Please welcome Jan and her response to my recent Skinny Shaming post. I’m so grateful she’s here to share the Skinny Shaming perspective…
When a plus-sized runner hit the cover of Women’s Running magazine, it created quite a stir in media land.
Comments I read ranged from the supportive, it’s-about-time, to those that expressed a concern about putting someone who is “obviously unhealthy” on the cover of a fitness magazine.
Regardless of what side of the scale you’re on, it most likely made you think about the social issues that those who are overweight must face. For me, and perhaps my fellow beanpole people, it also brought to mind the issues that “skinny” people deal with.
I’ve always been tall and thin.
When my friends were getting boobs and periods, I was growing taller, and praying for both boobs and periods.
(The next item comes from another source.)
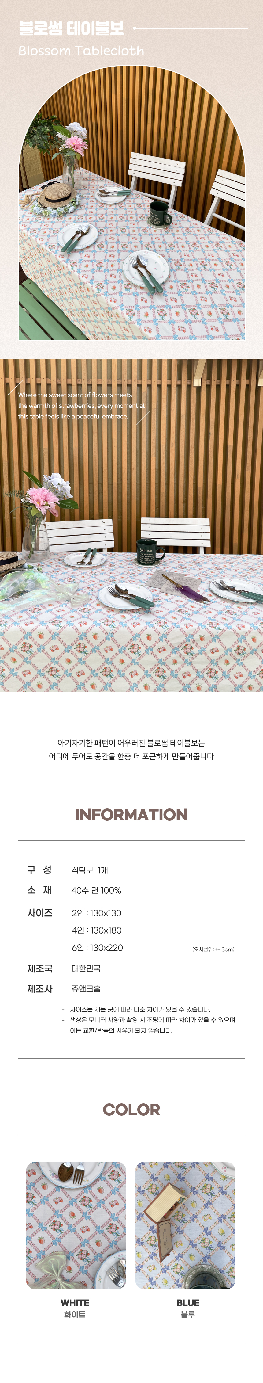 쥬앤크홈 블로썸 빈티지 레트로 식탁보 테이블보 2인 식탁 책상 커버 웨어 식탁보

Surprisingly, I was never teased much during my school years about being what my mother called a beanpole.
My cat eye glasses brought on far more taunting than my lack of weight and curves. It wasn’t until adulthood that the comments started, and I realized there were some other hurdles I’d be continually jumping over.
At my current age of 54, I’m five feet, seven inches tall, and weigh around 110.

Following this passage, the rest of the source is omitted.